Artikel 6: Hardheidsclausule

Burgemeester en Wethouders kunnen van de bepalingen van afdeling II afwijken voor zover toepassing, gelet op het belang dat deze regeling beoogt te beschermen, zal leiden tot een onbillijkheid van overwegende aard.

Afdeling III: De aansluiting

Artikel 7: Het verzoek tot aanleg of wijziging perceelaansluitleiding

  • 1.

    De rechthebbende aan wie ingevolge afdeling II een aansluitvergunning is verleend kan de gemeente verzoeken de aansluiting of wijziging van de aansluiting waarop die vergunning betrekking heeft uit te voeren.
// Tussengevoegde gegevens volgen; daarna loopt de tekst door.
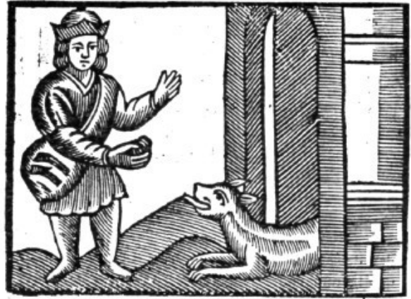
EL LLADRE I EL CA

No hem de fer el joc als dolents i malvats: hem de procurar disminuir el mal, no augmentar-lo.
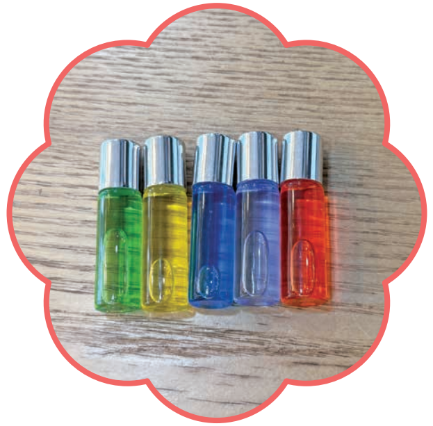
메리어트 호텔 여의도 김경희 님
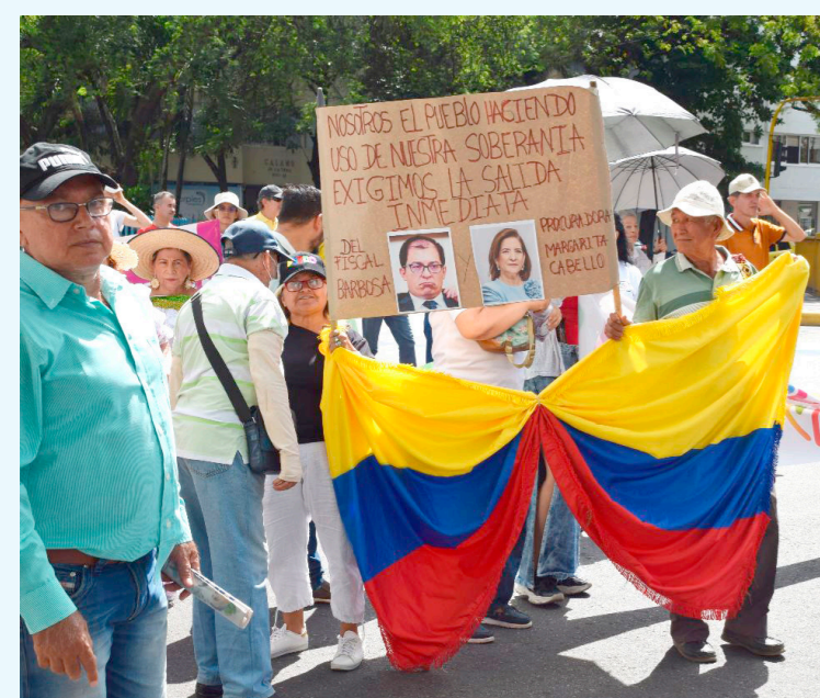
La marcha se realizó en las principales vías de la ciudad.
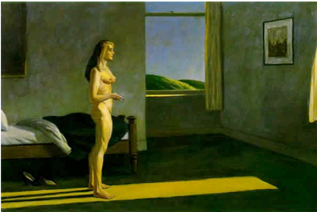
Una Mujer al Sol (1961)

Avanzar y estructurar, es elegir un tema de trabajo. Hemos tomado como referencia la obra del pintor americano Edward Hopper (1882-1967). Espacios luminosos muy recortados, la localización de los personajes en la luz, su mirada atraída hacia ésta, como el reflejo de otro mundo.
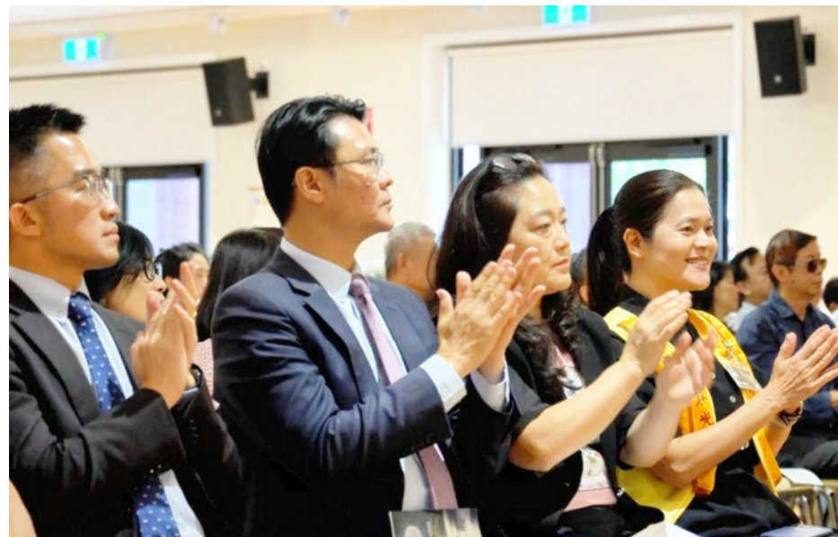
中天合唱團年度發表會
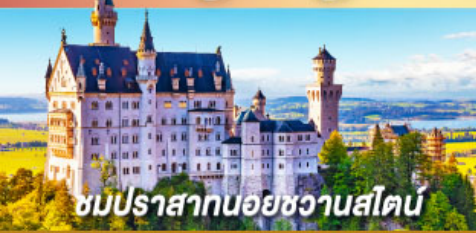
ชมปราสาทนอยชวานสไตน์
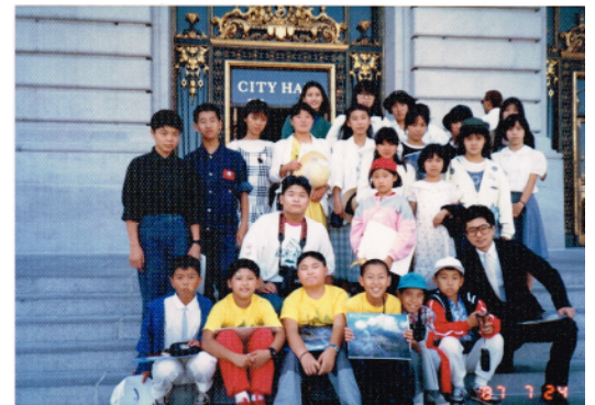
サンフランシスコキャンプツアー 市庁舎前で

私がYMCAに奉職したのは、大学卒業直後の1982年4月です。外資系の製薬会社から内定はもらっていたのですが、いわゆる社会の1歯車になることに抵抗を感じるモラトリアム人間だった私にはどうにもすつきりませんでした。そんな時ふと予備校生として1年間通った土佐堀YMCAのことを思い出しました。「YMCAで英語を教えられたら・・・」土佐堀で英語講師試験を受け、何とか合格させて頂いたのが、私の職場としてのYMCAの始まりでした。2年間は非常勤として土佐堀、天王寺、茨城地域センター（当時の高槻Y所管）をそれぞれ週2回、主に小・中学生に英語を教える機会を与えられました。予備校生の頃慣れ親しんだ土佐堀会館は建て替えの最中でなにもわ筋の西側にあった仮校舎で授業をしていたことを思い出します。天王寺ももちろんとても狭い旧会館でした。3か所のYCMAsを巡り多くの先輩教職員の皆さんにご指導頂いたのは大変幸運なことでした。84年には現在の第3代土佐堀会館が完成し、私はラッキーにも真新しい会館で大阪YMCA語学・体育専門学校（現在の国際専門学校の旧名称）で専任講師として奉職させて頂くことが出来ました。若手の教員として昼間は英語学科・秘書課・国際ビジネス学科・社会体育学科、夜は中学・高校生とエネルギーな若者たちと丁々発止とやっていたのが昨日のことに思い出されます。87年には小・中学生21人を2週間のサンフランシスコキャンプツアーに引率し、無我夢中で生徒のケアに追われ、帰国途上から肺炎になったこともありました。その頃から部分的に開設間際のIHSに関わり（IHSは88年開講）、91年4月から21年間IHSのディレクターとして専従させて頂きました。
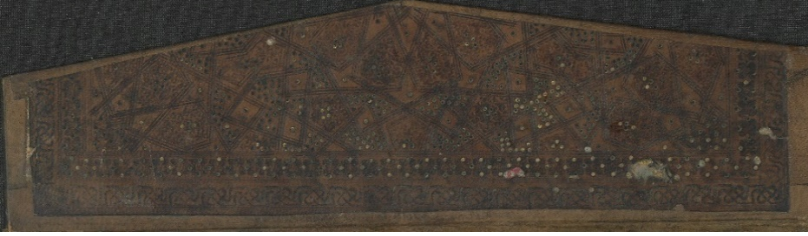
Görsel: 22, Örnek: 4, Sünen, 864/1459, TIEM: 1621, Mikleb.

Cildin tamirinde kullanılan deriyle kaplanan sertab bezemesizdir. Mikleb gerek zencirekleri gerekse zemin bezemesiyle kapaklarla aynıdır (Görsel: 22).
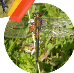
La Cordulie métallique
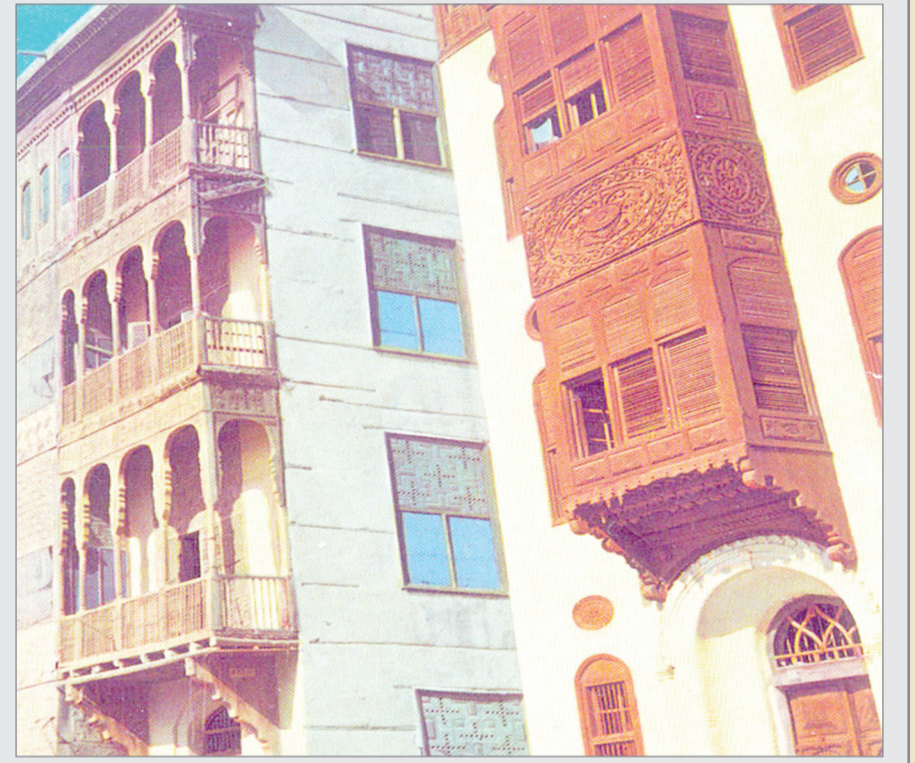
رواشين جدة - ١٣٨٨ هـ
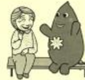
大和市イベントキャラクターヤマトン
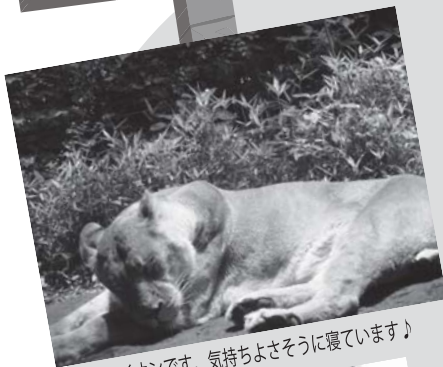
ライオンです。気持ちよさそうに寝ています♪

ライオンや、オカピのケージの前では、実物を目の当たりにして「オカピってこんなに大きいの!？」と驚く様子も見られました。動物観覧タイムの後には、お土産を買い、おこづかいの中で、「これが美味しそう!」「これもいい!」など、頭を悩ませながらも楽しそうに買い物をしていました。帰園後は、送迎してくれたタクシー運転手へ花束と感謝の言葉を贈り、最後は拍手で行事を終え、楽しい1日となりました。
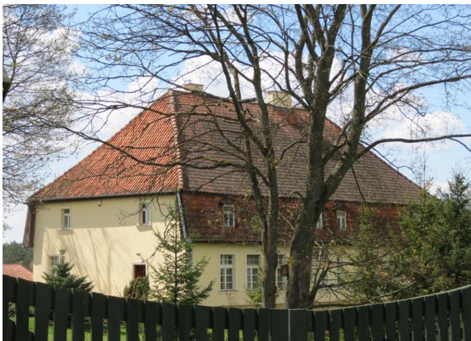
Spręcowo, dwór w zespole dworsko-folwarcznym.
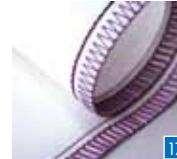
4-draads veiligheidssteek, breed

Om stoffen in één stap aan elkaar te naaien met een verstevigde steek en af te werken.
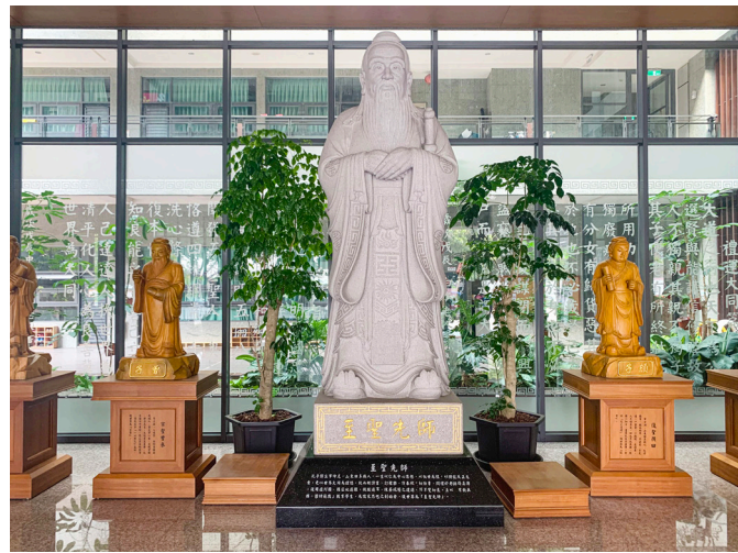
▲ 正和書院門口樹立孔子聖像，代表著儒家應運。

接下來由張講師分享青年志工隊運作、劉講師分享青年課程設計。高中志工隊自西元 2002 年開始推動；西元 2009 年，成立「正和人文發展協會」；因為正和書院推動三三三分區制度，道務蓬勃發展，高中志工隊由 8 所成長至 31 所，共計 800 位志工參與服務。招募志工的管道包括：伙食團、學校、同學、道親下一代、志工社團等。透過每年 7 月志工培訓、9 月志工老師培訓，搭配 3 月及 9 月志工出隊行前講習，並且在志工出隊期間，利用下午時間再強化服務培訓。

De rechthebbende moet minste vier weken voordat de aansluiting moet worden gerealiseerd een daartoe strekkend schriftelijk verzoek in bij burgemeester en wethouders.

  • 2.

    Bij het verzoek tot aansluiting moeten in ieder geval de volgende gegevens door de rechthebbende worden vermeld:

    • a.

      de naam en het woonadres van de rechthebbende;

    • b.

      het nummer van de aansluitvergunning;

    • c.

      de door rechthebbende gewenste datum van uitvoering.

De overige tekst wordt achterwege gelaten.